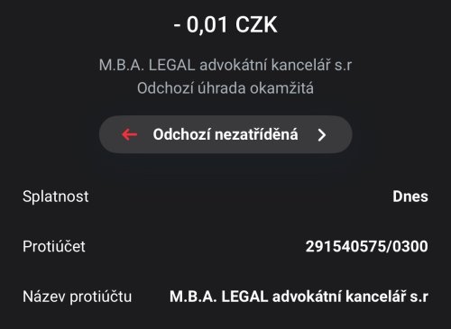 Poslat zprávupřidal/a skutečné jméno majitele účtu: M.B.A. LEGAL advokátní kancelář s.r.o. k bankovnímu účtu: 291540575/0300
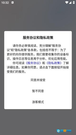 1、软件安装完成后打开进入,会弹出服务协议与隐私政策的确认窗口,点击“同意”按钮即可。
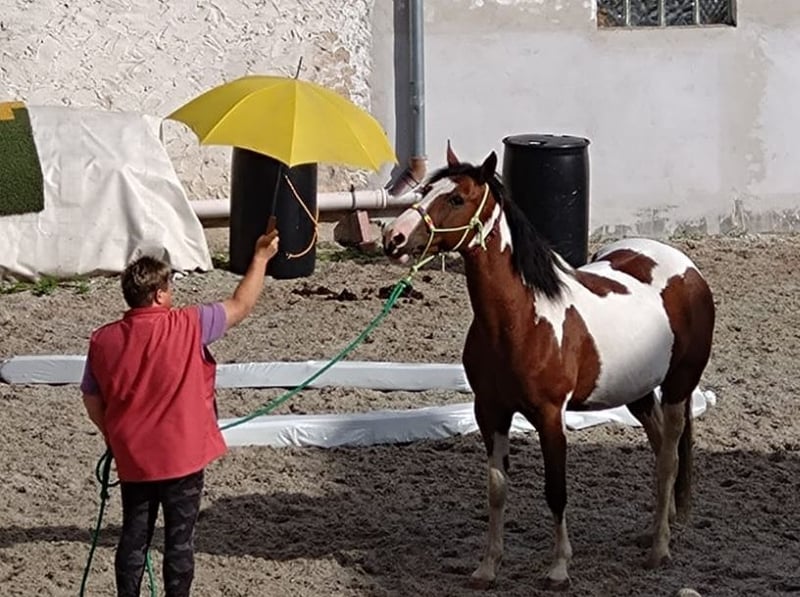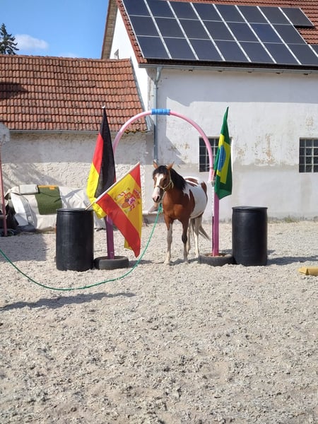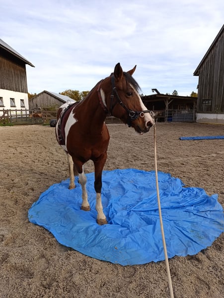 Bestandsverkleinerung!!! Rohdiamant: Wir verkaufen aus reinem Zeitmangel unsere superliebe und bildhübsche Scheckstute. Sie wird heuer 7 Jahre alt, ca 1,48 m groß, Tobiano mit polnischem Pass. Die Stute ist sehr sensibel und braucht ne Weile bis sie "ihrem" Menschen vertraut. Sie lernt sehr schnell und möchte am liebsten jeden Tag was mit ihrem Menschen machen, liebt Bodenarbeit,Freispringen, Spazierengehen und tüddeln. Sie kennt Knotenhalfter,Kappzaum, Trense,Longiergurt, Sattel, Doppellonge (begonnen), Plane. Flattertor etc. Hänger fahren. Noch kein Reiter drauf gewesen, nur sandgefüllte Hose als Gewicht! Jetzt längere Pause Wetter bedingt, wird gerade wieder antrainiert. Sie hat ein ein gutes Fundament, Traumhufe (barfuß) und ist kerngesund ( wäre auch für die Zucht interessant) Uns fehlt leider doch die nötige Zeit um sie fertig auszubilden, deshalb sucht sie aber nur wenn alles passt, einen Besitzer der mit ihr durch dick und dünn geht. Kein Notverkauf!!!! Bei Interesse bitte Nachricht mit ein paar Infos zu euch und Telefonnummer dann rufe ich gerne zurück.
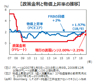 ■米国の連邦準備制度理事会(FRB)は、11月7日から8日にかけて開催した連邦公開市場委員会(FOMC)で、市場予想通り、政策金利であるフェデラルファンド(FF)レートの誘導レンジを、2.00%~2.25%で据え置くことを決定しました。
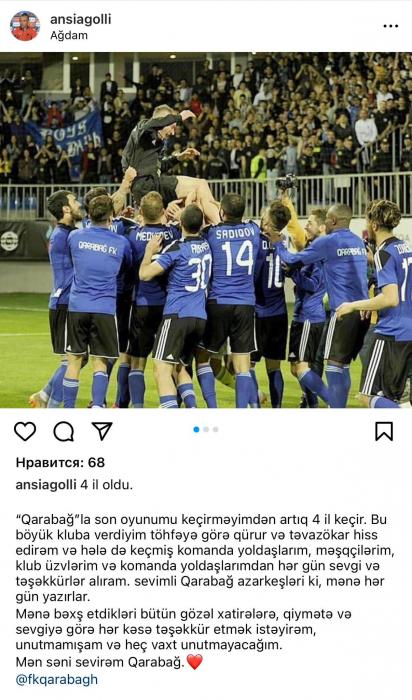 “Qarabağ”la son oyunumu keçirməyimdən artıq 4 il keçir. Bu böyük kluba verdiyim töhfəyə görə qürur və təvazökar hiss edirəm və hələ də keçmiş komanda yoldaşlarım, məşqçilərim, klub üzvlərim və komanda yoldaşlarımdan hər gün sevgi və təşəkkürlər alıram. Sevimli "Qarabağ" azarkeşləri mənə hər gün yazırlar.
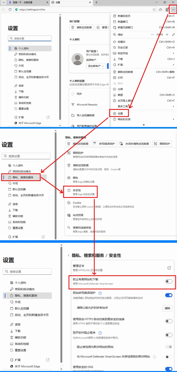 此时可尝试关闭Defender SmartScreen保护。首先打开浏览器设置,然后依次选择“隐私、搜索和服务”——“安全性”,最后将“防止有害网站和下载”选项关闭即可。下图为其详细操作步骤演示:
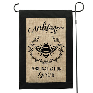 Welcome Bee Personalized Wreath Burlap Garden Flag
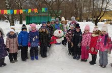Снежное время даёт нашим воспитателям шанс для организации интересных игр. А если снег липкий, то можно слепить снеговика. Вот такого удивительного снеговика слепили дети подготовительной к школе группы "Берёзка".
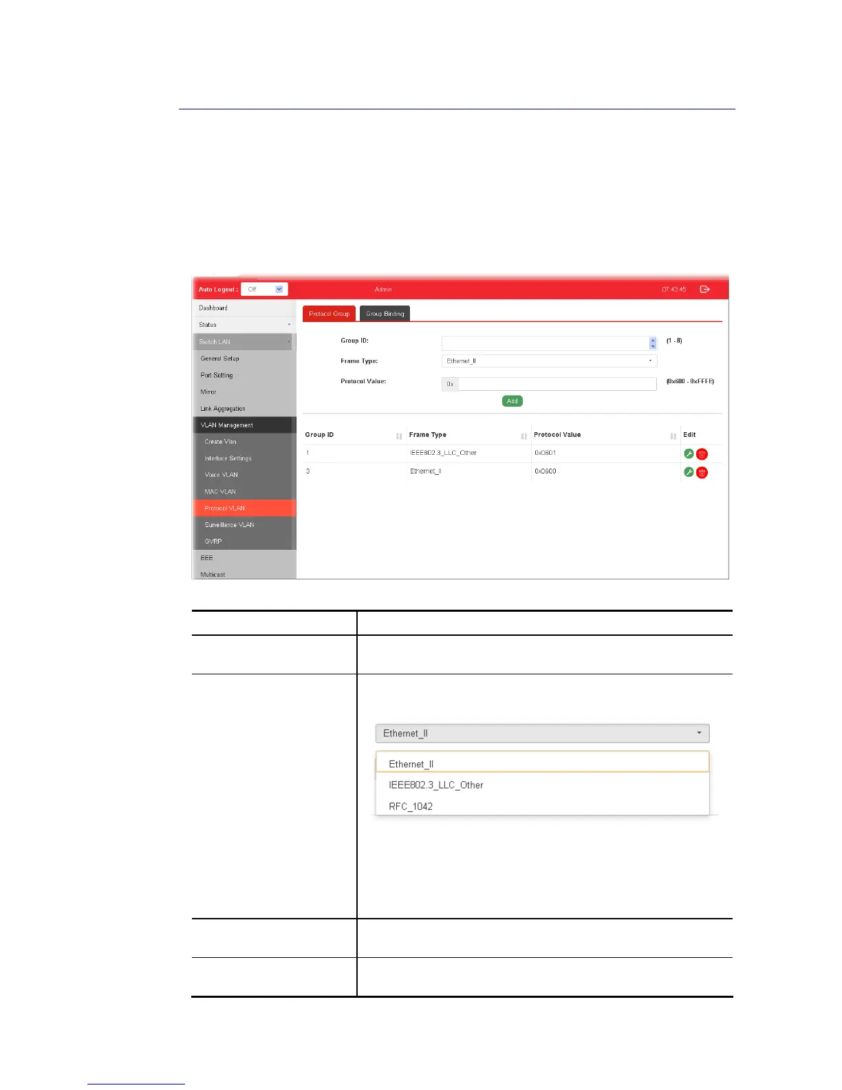 Protocol Value Input a value (ranging from 0x600 ~0xFFFE). Packets match
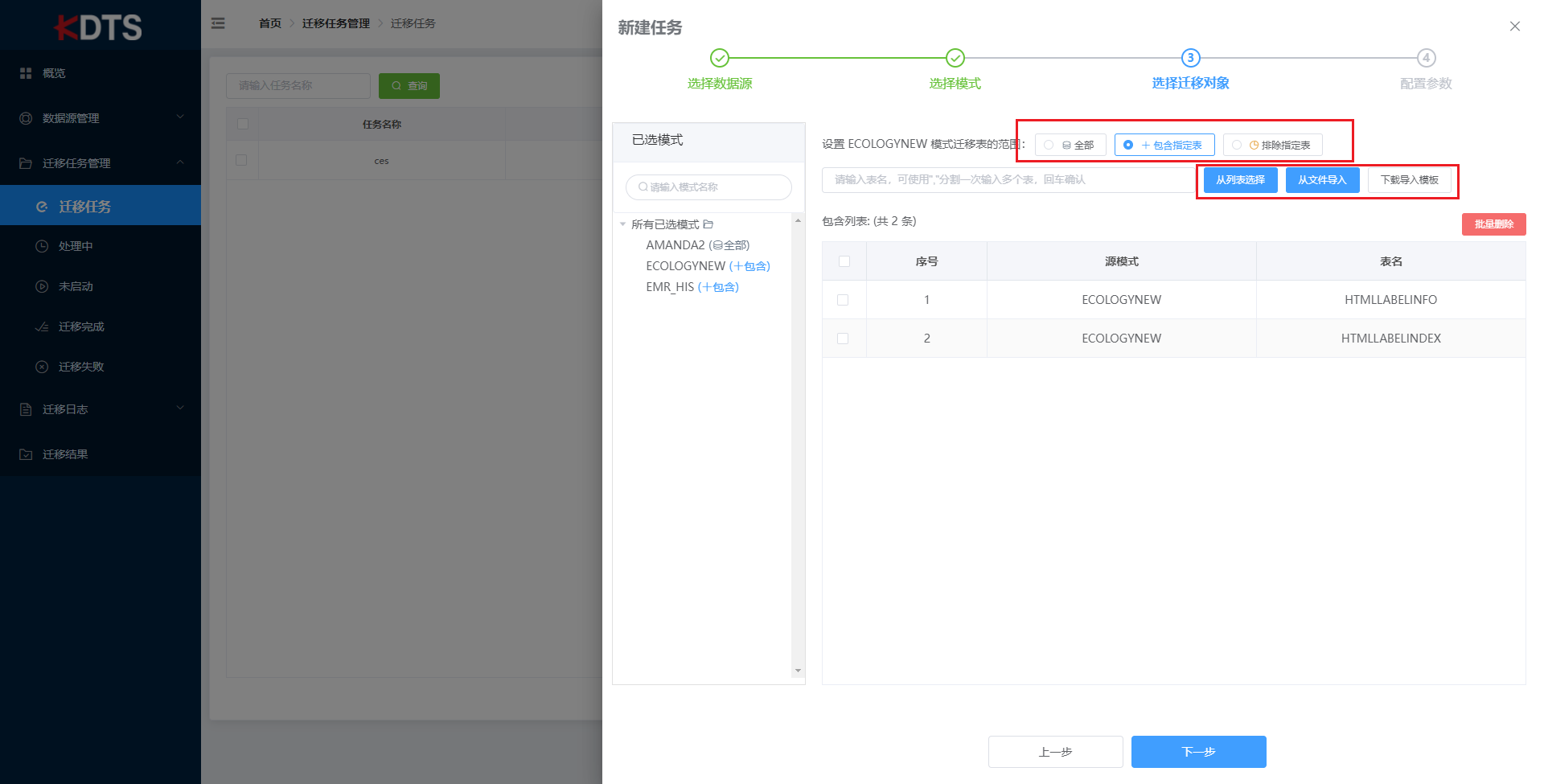 可迁移此模式下全部表,也可以指定或排除部份表,当您选择 “包含指定表” 或 “排除指定表” 时,请您通过 “从列表选择”、“从文件导入” 或者在输入框内输入表名将数据添加到包含列表中,如您未添加数据,则会提示错误导致无法进行下一步并完成新建任务。
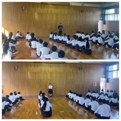今日の学年集会では、まず係生徒からはあいさつの大切さを話してくれました。
+===+
* _What you are asked to do_:
For this exercise, print all of the entries exactly as they appear, but without pictures.

* _Response to the exercise_:
 Poslat zprávupřidal/a skutečné jméno majitele účtu: M.B.A. LEGAL advokátní kancelář s.r.o. k bankovnímu účtu: 291540575/0300
 1、软件安装完成后打开进入,会弹出服务协议与隐私政策的确认窗口,点击“同意”按钮即可。
 Bestandsverkleinerung!!! Rohdiamant: Wir verkaufen aus reinem Zeitmangel unsere superliebe und bildhübsche Scheckstute. Sie wird heuer 7 Jahre alt, ca 1,48 m groß, Tobiano mit polnischem Pass. Die Stute ist sehr sensibel und braucht ne Weile bis sie "ihrem" Menschen vertraut. Sie lernt sehr schnell und möchte am liebsten jeden Tag was mit ihrem Menschen machen, liebt Bodenarbeit,Freispringen, Spazierengehen und tüddeln. Sie kennt Knotenhalfter,Kappzaum, Trense,Longiergurt, Sattel, Doppellonge (begonnen), Plane. Flattertor etc. Hänger fahren. Noch kein Reiter drauf gewesen, nur sandgefüllte Hose als Gewicht! Jetzt längere Pause Wetter bedingt, wird gerade wieder antrainiert. Sie hat ein ein gutes Fundament, Traumhufe (barfuß) und ist kerngesund ( wäre auch für die Zucht interessant) Uns fehlt leider doch die nötige Zeit um sie fertig auszubilden, deshalb sucht sie aber nur wenn alles passt, einen Besitzer der mit ihr durch dick und dünn geht. Kein Notverkauf!!!! Bei Interesse bitte Nachricht mit ein paar Infos zu euch und Telefonnummer dann rufe ich gerne zurück.
 ■米国の連邦準備制度理事会(FRB)は、11月7日から8日にかけて開催した連邦公開市場委員会(FOMC)で、市場予想通り、政策金利であるフェデラルファンド(FF)レートの誘導レンジを、2.00%~2.25%で据え置くことを決定しました。
 “Qarabağ”la son oyunumu keçirməyimdən artıq 4 il keçir. Bu böyük kluba verdiyim töhfəyə görə qürur və təvazökar hiss edirəm və hələ də keçmiş komanda yoldaşlarım, məşqçilərim, klub üzvlərim və komanda yoldaşlarımdan hər gün sevgi və təşəkkürlər alıram. Sevimli "Qarabağ" azarkeşləri mənə hər gün yazırlar.
 此时可尝试关闭Defender SmartScreen保护。首先打开浏览器设置,然后依次选择“隐私、搜索和服务”——“安全性”,最后将“防止有害网站和下载”选项关闭即可。下图为其详细操作步骤演示:
 Welcome Bee Personalized Wreath Burlap Garden Flag
Снежное время даёт нашим воспитателям шанс для организации интересных игр. А если снег липкий, то можно слепить снеговика. Вот такого удивительного снеговика слепили дети подготовительной к школе группы "Берёзка".
 Protocol Value Input a value (ranging from 0x600 ~0xFFFE). Packets match
 可迁移此模式下全部表,也可以指定或排除部份表,当您选择 “包含指定表” 或 “排除指定表” 时,请您通过 “从列表选择”、“从文件导入” 或者在输入框内输入表名将数据添加到包含列表中,如您未添加数据,则会提示错误导致无法进行下一步并完成新建任务。
今日の学年集会では、まず係生徒からはあいさつの大切さを話してくれました。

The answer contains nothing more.